I recently came across a joke-answer in an older question, and I flagged it as not an answer
. It's simply a link to a youtube video of someone blowing up a capacitor. Not what the user wanted to know.
When I was about to flag another, unrelated, answer, I saw that my previous flag had been denied, which surprised me. I can think of two reasons, one more likely than the other:
- The answer is posted by a high-rep user. I hope this is not the reason!
- The answer is three years old. This is more likely the reason.
I did some research and found this very similar meta-question: Answer flag declined because of the age of the answer, which has the following quote:
Part of the concern is to discourage going through old questions looking for trouble. When you go back 3-4 years, to the infancy of the site, you see a lot of behavior that would not be allowed now because people were unfamiliar with the format. Also, rules have changed over the years.
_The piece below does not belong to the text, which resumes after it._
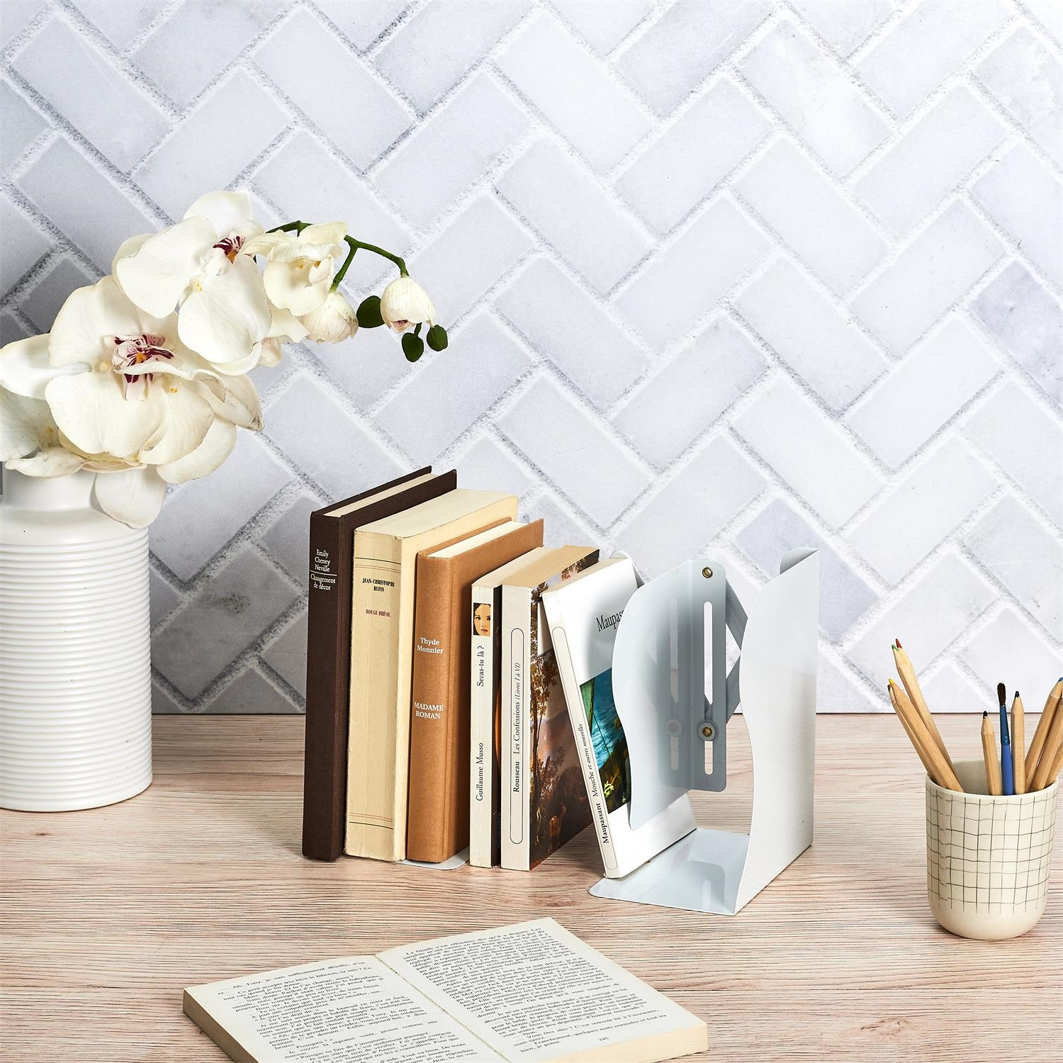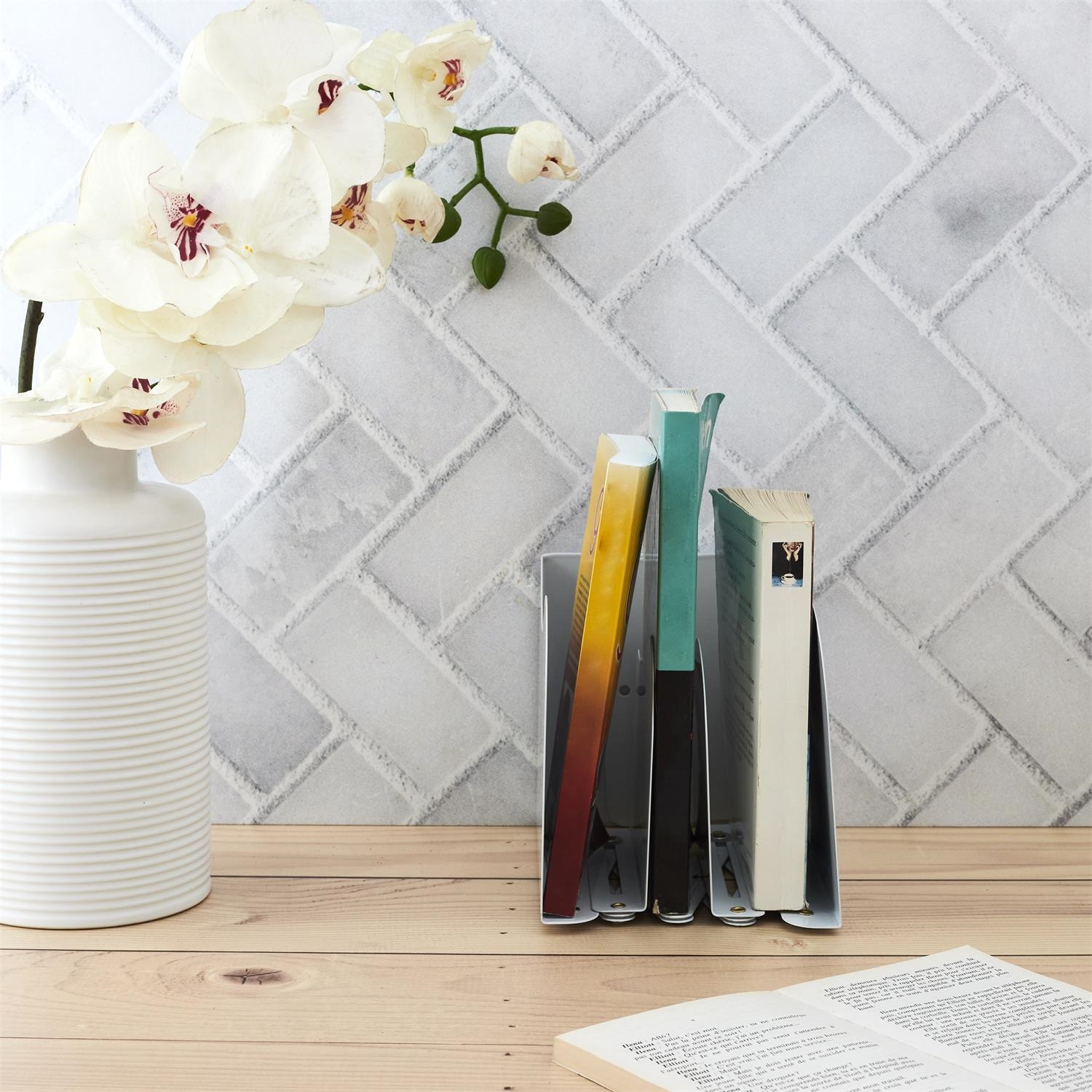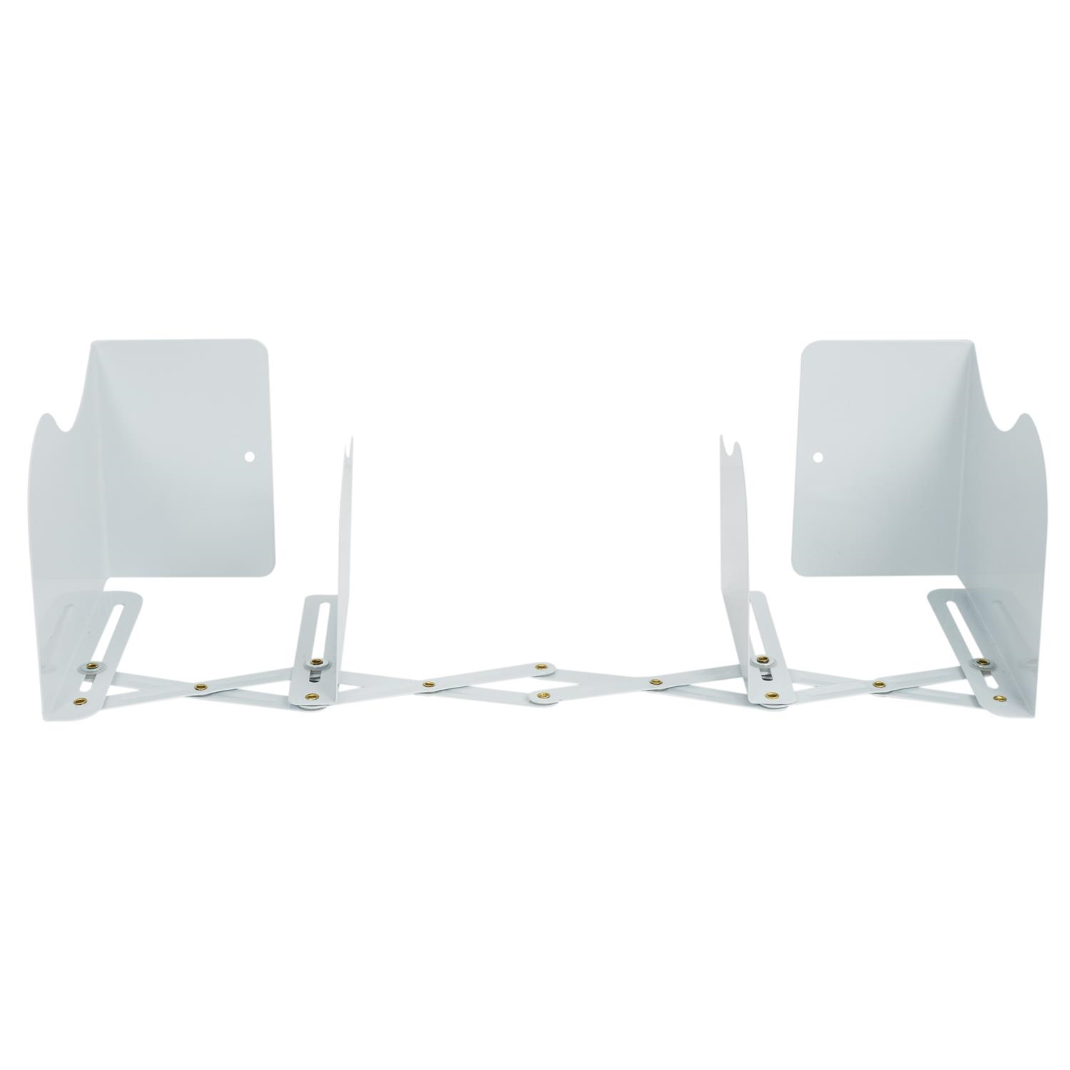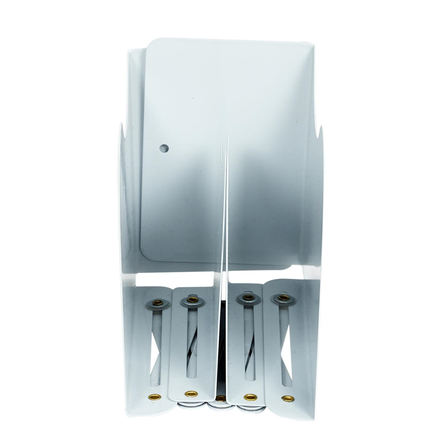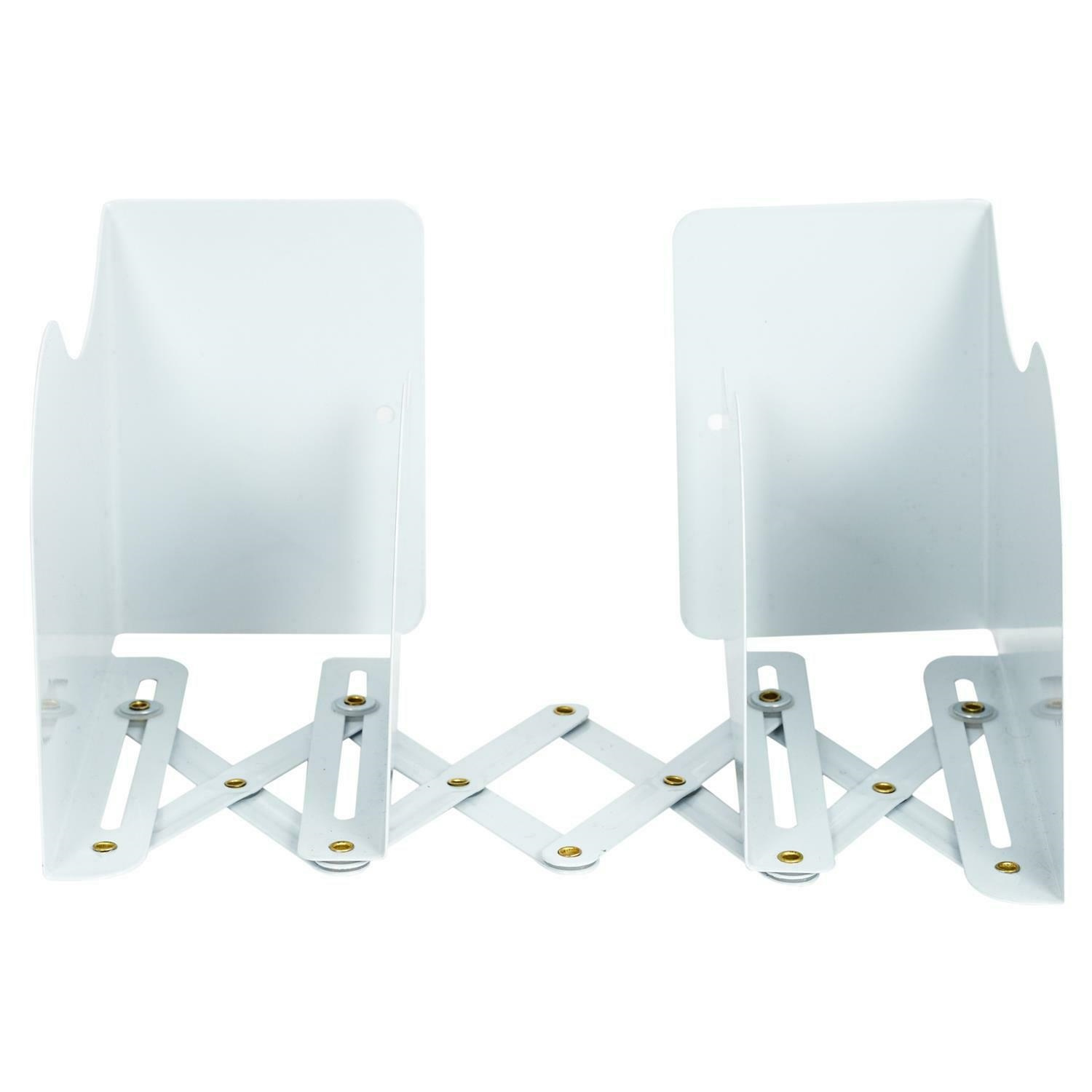 Uniwersalny organizer o regulowanej szerokości sprawdzi się w biurze na segregatory lub książki lub w domowej biblioteczce. Organizer wyposażony został w dwie ścianki oraz dodatkowe dwie przegródki, które pozwolą na segregację książek lub segregatorów. Organizer o regulowanej szerokości wykonany został z metalu pomalowanego na biało. Wymiary po złożeniu: 10x15x19cm Maksymalna szerokość 46 cm Minimalna szerokość 10cm Wymiary kartonu: 24x33x42,5cm. Max 8 szt w kartonieCechy produktu

I agree with this in some cases - perhaps it's not constructive to edit old answers or questions, or delete old questions that are now off-topic. However, there is a benefit of having a consistent "answer base" because all questions and answers serve as examples on how we want the site to be, and I don't think that old answers should be immune to scrutiny. Heck, it's not even old! The answer I quoted above is from 2014. 3-4 years ago would have been 2010, which is ancient in comparison.
The last point is what I wanted to discuss or at least ask about. Questions from 2010 were obviously written in another life, if I may anthropomorphize stackexchange. Different rules, different topics. But 2013? I don't see much difference between the questions posted then and now. I would definitely hold posts from 2013 to the current standards. Am I wrong here? Have the rules changed too much since then?
Since I'm such a (relatively) new user I haven't reflected much on that, even though I've used StackExchange a lot as a passive seeker of knowledge. Since I've always admired the focus on straight answers and no fooling around, it is something that I would like to preserve now that I have an account.